I am only on page 60 roughly, and as of right now I don't know how the man dares to show his face in public, the have hard FACTS in the book on how Kerry as lied to us all. Oh by the way, which one of the candidates has signed form 180?


----------



## Bowhuntinfool (Aug 31, 2004)

What is form 180?


----------



## Bobm (Aug 26, 2003)

It is the military form that allows the records to be made public. Kerry will not send one for 33 pages of his records related to his "purple hearts". It doesn't take a brainsurgeon to figure out why.


----------



## BigDaddy (Mar 4, 2002)

Most folks know my political leanings, but even I have to say that going ahead with this story without validating the information and source of information was irresponsible on CBS's part and poor journalism. They hurt their credibility with this one.


----------



## mr.trooper (Aug 3, 2004)

Why are people suprised that Democratic Corporate entities are willing twist facts to support the democratic canidate?


----------



## Militant_Tiger (Feb 23, 2004)

You know it has been stated that these were released by the republicans to trip up CBS and make their reporting on the election not reputable from here on out.


----------



## Ron Gilmore (Jan 7, 2003)

It was not reputable before so they had nothing to lose! :rollin:


----------



## racer66 (Oct 6, 2003)

Yep, it was the Repubs, you guys caught us, bunch a whackos, I pray to God that we don't, end up with you dingalings in power. Besides it is up to them to check there sources and make sure that the info is right. WOW
this is a new low.


----------



## Bobm (Aug 26, 2003)

It's CBS News again. Seriously, these people have not a shred of journalistic integrity left.

For the last week or so there has been an email racing through millions of computers claiming that George Bush is ready to crank up the military draft as soon as the election is over. CBS found some woman named Beverly Cocco who said that she was petrified that her sons would be forced into the service after she got the email saying that the draft was pending. CBS identified Ms. Cocco as an "ordinary housewife."

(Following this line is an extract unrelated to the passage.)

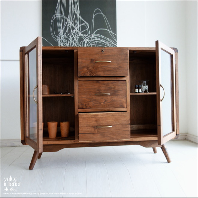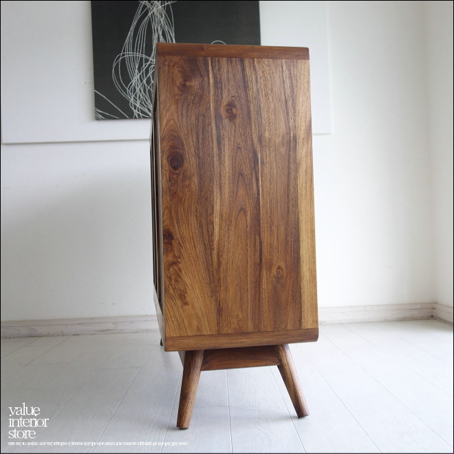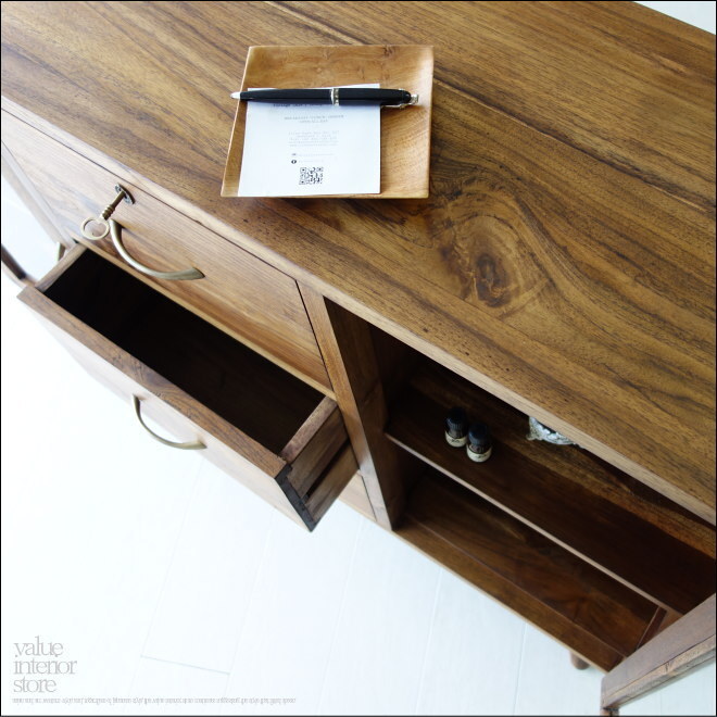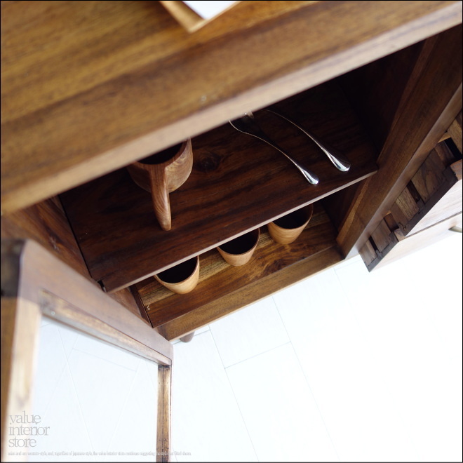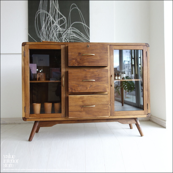 ■商品名 チークbuffet2枚扉Med *こちらの商品は他サイトでも同時に販売を行っております。ご注文が重なりました場合、在庫状況によって販売をさせていただけない場合がございます。その際はご容赦いただきますよう何卒お願い申し上げます。 ■商品説明 チークの持つ張りと硬く美しい木目の特徴を引き出していて、無垢材の素朴で上質さを十分に感じさせてくれるキャビネット。角が丸みを帯びたデザインですのでとても上品かつ優しい印象の仕上がり。サイドボードや食器棚、本棚など幅広い用途でお使いいただけます。また、チークは油分を多く含みますので、お使いいただくうちにさらに色味に深みが増すところも楽しみの一つです。引出しも3段あるので細かなものの収納にも便利です。一番上の段は鍵つきでレトロな雰囲気なのもいいですね。1点1点手作りで、無垢材の質の良さを感じさせてくれます。お気に入りスペースでお使い下さい。 ◇チーク材は世界三大銘木の一つとして知られ、硬さと張りがあり良質の天然油分を含むことから耐久性に優れています。特に細かな美しい木目が特徴で家具や建材など世界中で人気の高い木材です。 ◇日本製のような正確さは無いかもしれませんが、1点1点出来上がるまでの殆どの製作工程を手作業で行う、インドネシア家具職人たちの手づくり製法はとても暖か味が感じられます。細かな傷、ひび割れやフシ穴、色の濃淡、また反りなどの無垢材特有の”暴れ”や修理痕が見受けられる場合がございますが、無垢材の素材や特徴、また手づくりのテイストとして工業品にはない自然の質感をお楽しみ下さい。 ◇画像はサンプル画像となります。天然木や手作業での表面仕上げのため、木目や仕上がりの風合い(お色味の濃淡)は多少異なります。 ◇チーク無垢材は人間のお肌同様に、長時間、直射日光や冷暖房の風のあたる場所や湿気、乾燥が著しい場所を嫌います。反りや割れ、退色の原因になりますのでお避けください。 ■仕様 ・サイズ : (全体)横120×奥38×高さ90cm (奥行きは真鍮の取っ手も含む) 両サイド収納部内径:横38×奥32(下段31.5cm)×高さ[上段31.5cm、下段33.5cm] 引き出し内径:横34×奥27.5×17cm ( ※サイズは、ハンドメイドのため製品により多少誤差がございます。予めご了承ください。 ) ・材質 : チーク無垢、真鍮(ハンドル)、ガラス、裏板、引き出し底板のみ合板 ・塗装(表面仕上) : ミディアムブラウン塗装(天然オイル) ・生産国 : インドネシア ■備考 ◇掲載画像は十分配慮しておりますが、撮影時の光の反射や光量により明るさや色彩に違いがでますことや、素材の性質上、仕入れ時の材料によっても色味に多少濃淡がございます。また、ブラウザ上ではお色を正確に再現ができませんことを予めご了承下さい。 ◇商品はチークbuffet2枚扉Med×1点です。その他はイメージです。 ◇こちらはギフト包装をお受けできません。 |

OK ... what didn't CBS tell you?

CBS didn't mention in the story that Ms. Cocco was not, in fact, an ordinary housewife. She was the president of an organization called "Parents Against the Draft." 
CBS didn't mention in the story that the Selective Service had declared that there was no plan to reinstitute the Draft and that the emails were proven to be bogus. 
Now you would think that if you're going to do a story about parent's fears that the draft may be reinstituted, you would want to identify a person profiled in the story as an anti-draft activist, and you would want to give the Selective Service side of the story. But noooooooooo.

Now ... listen to this. CBS is defending the story and the way they reported it. The CBS reporter, Richard Schlesinger, said that whether or not the emails were true was "almost beside the point." The CBS producer for the story told a writer that *"the truth of the emails was absolutely irrelevant"*  :eyeroll: to the story.

Folks ... I really don't know where to go from here. CBS learns of some bogus email circulating which warns of the resumption of the draft. They decide to do a story. They contact an anti-draft activist who expresses her fears. But never ... never in the story do they identify the story as being debunked or the activist status of the Beverly Cocco. Then they making statements saying "what the hell, it doesn't really matter whether or not the story is true."

*Why did CBS run the story anyway*? One reason. The template. Because they felt that the story would harm George Bush. Now the standard seems to be if the story would hurt Bush, but is provably false ... go with it. *The end justifies the means.*
:eyeroll:


----------



## sevendogs (Sep 19, 2003)

Yes, we heard all from CBS. Nevertheless, Bush did receive a special treatment at that time and he did not serve well during National Guards service.


----------



## sdeprie (May 1, 2004)

Let's see, who are the soldiers serving in Iraq, now? Oh, that's right, they are National Guard. Give it a rest. Bush never said his military record was important. It was Kerry that said it was. Actually, Bush freely admitted those were his wild days. Check out the voting records if you want a picture of character. Leave out the military records and Kerry still loses on a strong America. The latest warning by the Democrats is that the Republicans have some surprise success planned for late October. I hope so.


----------